Bakers Journal

Technomic predicts Canada’s 2011 foodservice trends

December 15, 2010
By Bakers Journal

December 15, 2010, Canada – Canada’s foodservice industry is growing in terms of unit counts and menu offerings, according to new research from Technomic.

The firm reports that after a 1.2 per cent decline in 2009, the Canadian
foodservice industry has achieved a higher growth rate than its U.S.
counterpart in 2010. That growth is expected to continue through 2011.
Technomic also predicts that the debut of new restaurants and increased
competition in all segments will lead to product innovation like never

“The Canadian foodservice industry is full of opportunity right now,”
says Technomic executive vice president Darren Tristano. “U.S. operators
are certainly looking at Canada as an area for potential growth. But to
be successful they will need to do more than take a cookie-cutter
approach to the Canadian marketplace. There are distinct differences in
consumer attitudes and behaviours between the U.S. and Canada, and those
play out every day in the way that trends take shape and establish
themselves in each country.”

Technomic predicts the following trends will emerge in Canadian foodservice in the coming year:

Farm-to-table initiatives sprout up Restaurants will increasingly
source their ingredients from local vendors. Operators with local
ingredients on their menus are able to respond to consumer demand for
local items, while providing fresh, high-quality fare and supporting
their local economies.

U.S. chains eye Canadian border Canadians’ growing interest in
more food options is encouraging U.S.-based chains to expand north.

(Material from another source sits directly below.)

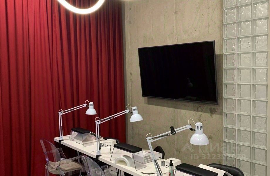 креслами для оказания услуг в 4 руки, зона маникюра на три рабочих места. Одно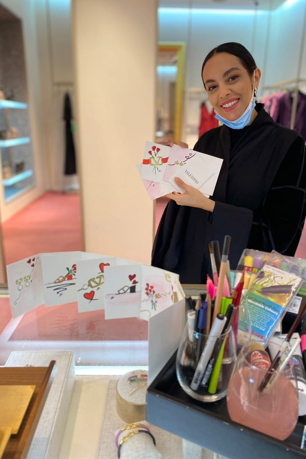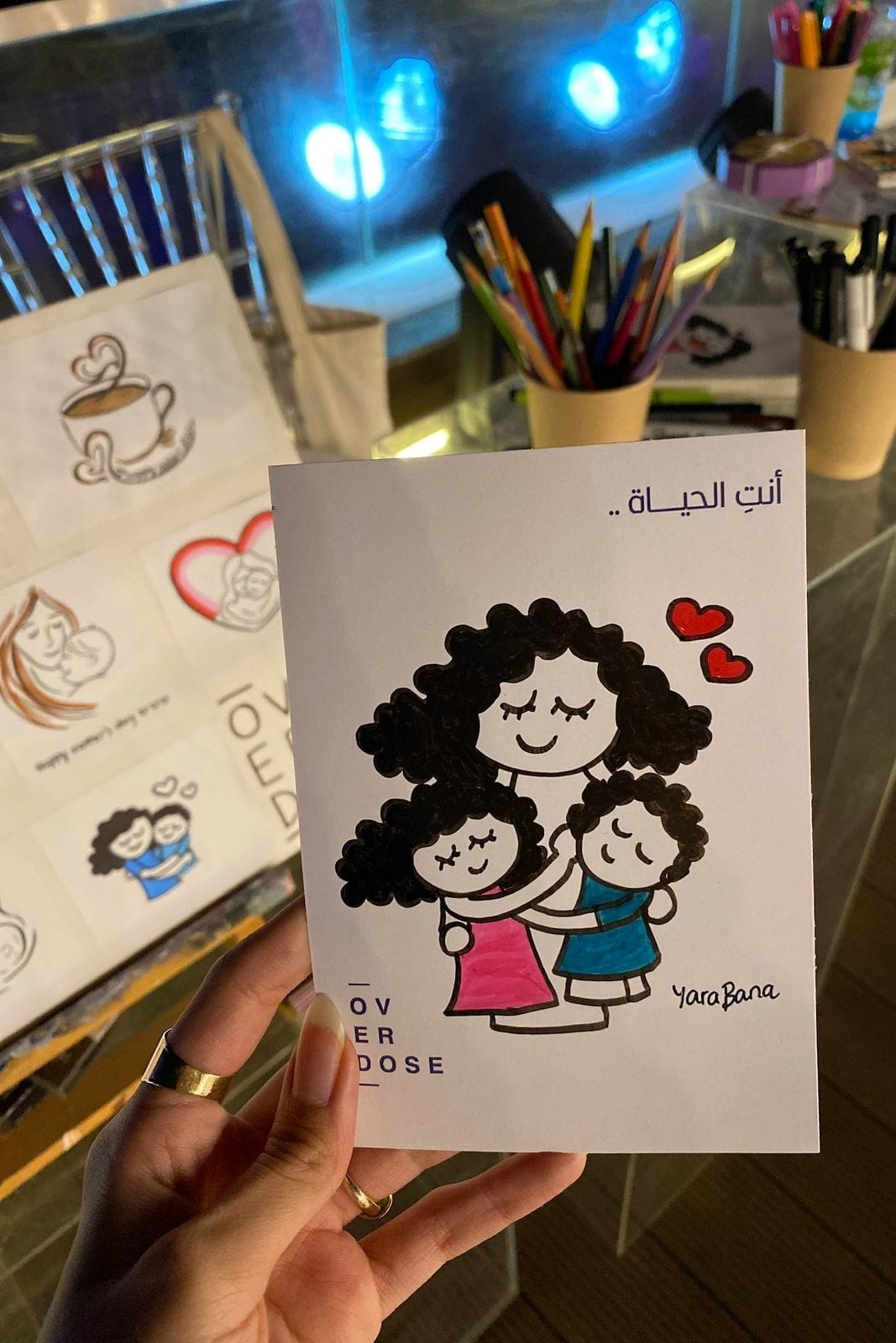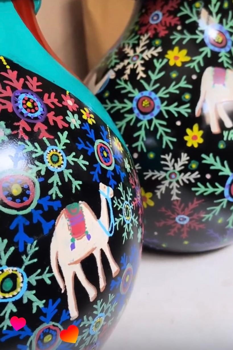Yara: Valentino invited me for a live art event and collection pop-up in Jeddah. I also worked with Overdose Coffee on a Mother’s Day project, and with COYA on their 25th anniversary, mixing Peruvian and Saudi symbols. I painted llamas and camels on pots that still live in the space. I have also worked with the Ministry of Culture and Silvana, a publishing house.

The
Canadian market appeals to U.S. chains because it is not yet saturated,
and close proximity to the U.S. makes it easy for American companies to
develop and manage Canadian operations.

Food trucks roll out portable, ethnic foods
Food trucks are rolling
out across the country. These trucks are diversifying the foodservice
landscape of Canadian cities with their selections of convenient,
portable foods sold at affordable prices. Look for menu trends taking
shape in food trucks to appear on the menus of traditional bricks and
mortar restaurants.

Healthier ingredients integrated into indulgent diets Canadians
will continue to seek out more healthful versions of their favourite
comfort foods. Choosing indulgent foods with nutritious ingredients will
allow consumers to feel less guilty about eating the foods they love.
It’s up to restaurant operators to find just the right balance between
indulgence and health on their menus.

Fast-casual growth accelerates Expect fast-casual restaurants to
proliferate in 2011, with growth coming from both Canadian and
U.S.-based chains, as cost-conscious consumers respond to the quality
ingredients and upscale atmosphere of casual dining combined with the
speedy service and affordability of quick service.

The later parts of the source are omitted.